Many of you can relate. You’ve joined hearts and hands, minds and mojo to create something—a sports team, a startup, a spiritual community, a family. You have felt the wonderful, life-giving force of building something beautiful with others. A dear friend, a serial entrepreneur, says at the end of the day, he just wants “to do cool shit with people he loves.” That’s what we’ve done for almost two decades.
Navigating Grief and Growth
As with anything beautiful and meaningful, when it comes to an end, there is grief. The more powerful the connection, the deeper the loss. This has been true for me.
These losses were deep. Diana has been my primary creative partner for decades. She has also been one of my closest allies in personal growth. Not having her by my side in the same way simply sucks. (We are still co-authoring a new book, which is great fun but not the same as leading a business and movement side-by-side). Together with Erica, we have lived in our genius, celebrated our differences, mixed them with love and devotion, and had a blast creating something wonderful. Now, the leadership team I have defined myself as part of for years is gone. Ouch.

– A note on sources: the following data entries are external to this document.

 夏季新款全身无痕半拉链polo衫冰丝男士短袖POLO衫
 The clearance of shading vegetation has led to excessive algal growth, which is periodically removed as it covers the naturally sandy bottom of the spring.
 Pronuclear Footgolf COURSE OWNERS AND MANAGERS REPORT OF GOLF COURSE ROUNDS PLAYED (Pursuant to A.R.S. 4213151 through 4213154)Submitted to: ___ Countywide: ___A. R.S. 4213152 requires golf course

Meanwhile, the original group of coaches I’ve spent hundreds of hours with—in circles of love, laughter, playfulness, and badass challenge—no longer exists in the same way.
Has it been hard? Of course! I’ve had days when grief turned into blame—starting with myself, and then passing it around. I’ve spent hours asking, “What if?” and, “If only….” I’ve been angry, scared, and sad. I’ve been human. We all have.

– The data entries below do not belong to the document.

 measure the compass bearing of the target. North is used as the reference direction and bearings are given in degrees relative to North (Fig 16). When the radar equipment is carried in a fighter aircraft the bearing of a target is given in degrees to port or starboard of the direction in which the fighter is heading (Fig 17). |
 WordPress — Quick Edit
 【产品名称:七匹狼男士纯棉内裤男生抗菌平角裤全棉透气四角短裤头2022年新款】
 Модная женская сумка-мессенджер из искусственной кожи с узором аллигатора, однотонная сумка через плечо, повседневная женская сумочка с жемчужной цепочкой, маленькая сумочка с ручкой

It’s also been messy. CLG has been more than a community, a cause, or a corporation. Untangling a business often brings everyone to their edge. Endings trigger core reactive patterns. This one has done that for me and for others. We have spent time in the drama triangle and repaired when ruptures happened.

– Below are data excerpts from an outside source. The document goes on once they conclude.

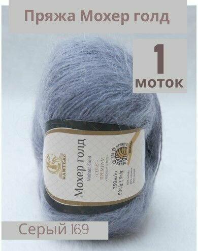 Пряжа Мохер Голд от Камтекс. Цвет серый 169. 1 шт*50г/250 м
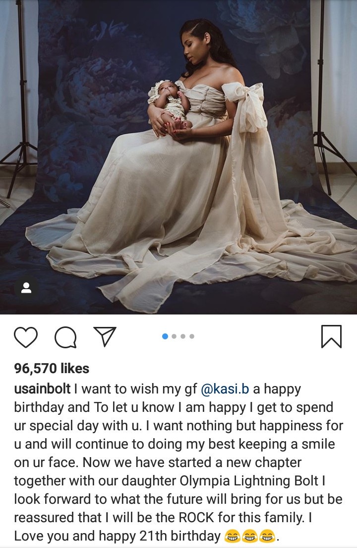 Eight time olympic gold medalist usain bolt has shared the first photographs of his new baby daughter who was born in may to social media late tuesday night. I want to wish my gf kasi b a happy birthday. Kuala lumpur july 8 world behold olympia lightning bolt.
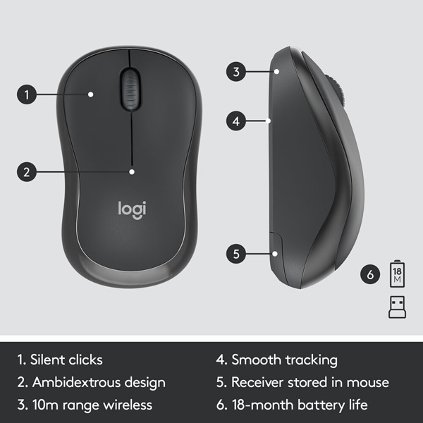 شكل مريح وقابل للحمل، نقر وتوجيه دقيق وهادئ على معظم الأسطح بفضل تقنية SilentTouch التي تمنحك تجربة خالية من الضوضاء.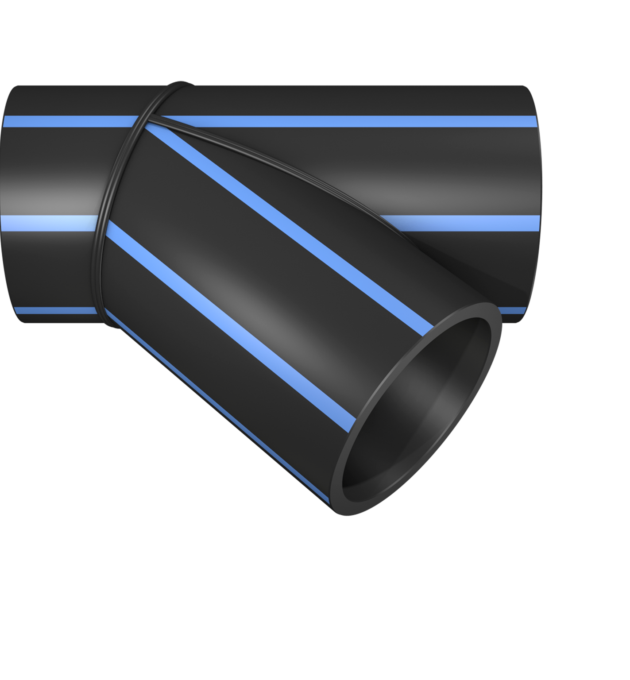 Tee a 45° formata a settori in PE100 realizzato tramite saldatura testa-testa di segmenti di tubo. Il raccordo, disponibile anche in PE100 RC o PE100 RT, trova applicazione nei sistemi per la distribuzione di acqua potabile in accordo con la norma UNI EN 12201 e negli impianti industriali in accordo con la norma UNI EN ISO 15494.

One of my core patterns is anticipating rejection—and to protect myself, rejecting first. Wow, have I done this. While driving back to Chicago from Michigan after the holidays, I got two calls within four hours. First Deb called, then Matt. Both told me it was time for them to leave CLG. I was surprised but not shocked—I had sensed the ending coming. And I was triggered. These are dear friends I love deeply, but my reaction was to become ice cold. I mean, really cold. I cut the conversation off after two or three minutes. I wanted to reject before feeling any more rejection. I felt rage and terror, and my mind spun nonstop for 12 hours. I couldn’t fall asleep (unheard of for me), so I got up and walked through the streets of Chicago. So triggered. So messy.
Fortunately, my team and colleagues know me. They see my pattern and meet it with kindness. Unless, of course, they're in their own patterns. Then—well—the shit hits the fan for a few hours or days. And then we do our work. We come back. We fall off the horse. We get back on.
This has been part of the transition. But not all of it.
Because alongside endings and grief, there has been beginning and wonder.
On The Threshold of Something New
I’m clear that CLG wants to keep living—to be an agent of awakening.
Some things remain unchanged:
- Our core mission: To support the expansion of conscious leadership in the world
- Our coaching method: Context coaching
- Our values: The 15 Commitments still anchor who we are.
- Our clients: Leaders who take responsibility for the influence they’re having in the world
- Our products: Intro to Conscious Leadership, Individual coaching, small groups (Circles and Forums), Integrity Boot Camp, and organizational transformation.
But other things have changed. The leadership team has changed. What once was Diana, Erica, and myself is now Joyce Chen, Jim Fallon, Jacklyn Henley, and me.
My role has changed, too. With Diana and Erica leading, I had stepped back from daily leadership. Over the past nine months, I’ve stepped back in. I never expected this at this stage in my life, but here I am.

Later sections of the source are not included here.